A faithful copy is required. Print each line of the data exactly and omit the pictures.
::: Collected material :::
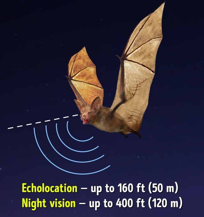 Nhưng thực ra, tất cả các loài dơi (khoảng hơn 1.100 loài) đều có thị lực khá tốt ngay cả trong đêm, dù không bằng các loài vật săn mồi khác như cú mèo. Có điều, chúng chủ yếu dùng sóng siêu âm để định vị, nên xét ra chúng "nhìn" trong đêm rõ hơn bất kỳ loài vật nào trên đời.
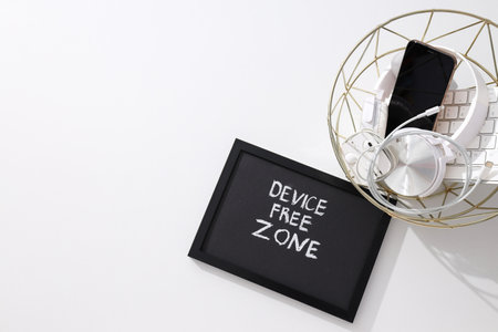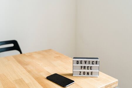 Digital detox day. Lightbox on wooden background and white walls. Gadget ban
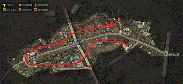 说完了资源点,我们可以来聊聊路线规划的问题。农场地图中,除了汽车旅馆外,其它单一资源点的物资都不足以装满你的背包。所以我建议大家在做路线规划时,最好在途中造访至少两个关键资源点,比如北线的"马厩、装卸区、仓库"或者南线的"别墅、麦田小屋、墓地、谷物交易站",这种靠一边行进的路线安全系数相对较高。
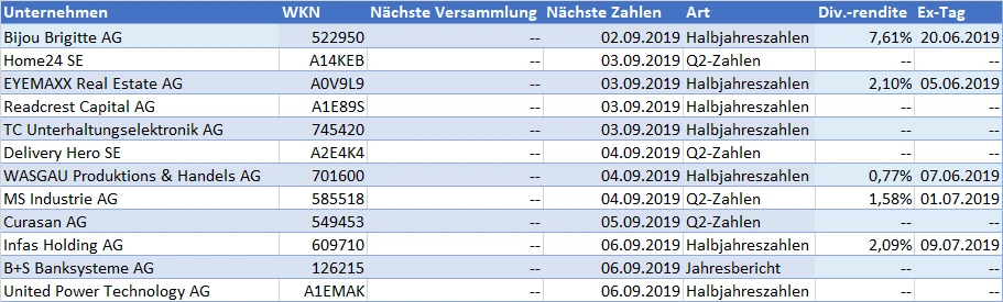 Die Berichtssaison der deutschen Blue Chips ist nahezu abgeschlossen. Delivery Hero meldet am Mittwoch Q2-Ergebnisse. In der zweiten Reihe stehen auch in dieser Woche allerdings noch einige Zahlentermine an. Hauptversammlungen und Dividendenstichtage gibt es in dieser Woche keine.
:::
▸ Exercise response
 Nhưng thực ra, tất cả các loài dơi (khoảng hơn 1.100 loài) đều có thị lực khá tốt ngay cả trong đêm, dù không bằng các loài vật săn mồi khác như cú mèo. Có điều, chúng chủ yếu dùng sóng siêu âm để định vị, nên xét ra chúng "nhìn" trong đêm rõ hơn bất kỳ loài vật nào trên đời.
 Digital detox day. Lightbox on wooden background and white walls. Gadget ban
 说完了资源点,我们可以来聊聊路线规划的问题。农场地图中,除了汽车旅馆外,其它单一资源点的物资都不足以装满你的背包。所以我建议大家在做路线规划时,最好在途中造访至少两个关键资源点,比如北线的"马厩、装卸区、仓库"或者南线的"别墅、麦田小屋、墓地、谷物交易站",这种靠一边行进的路线安全系数相对较高。
 Die Berichtssaison der deutschen Blue Chips ist nahezu abgeschlossen. Delivery Hero meldet am Mittwoch Q2-Ergebnisse. In der zweiten Reihe stehen auch in dieser Woche allerdings noch einige Zahlentermine an. Hauptversammlungen und Dividendenstichtage gibt es in dieser Woche keine.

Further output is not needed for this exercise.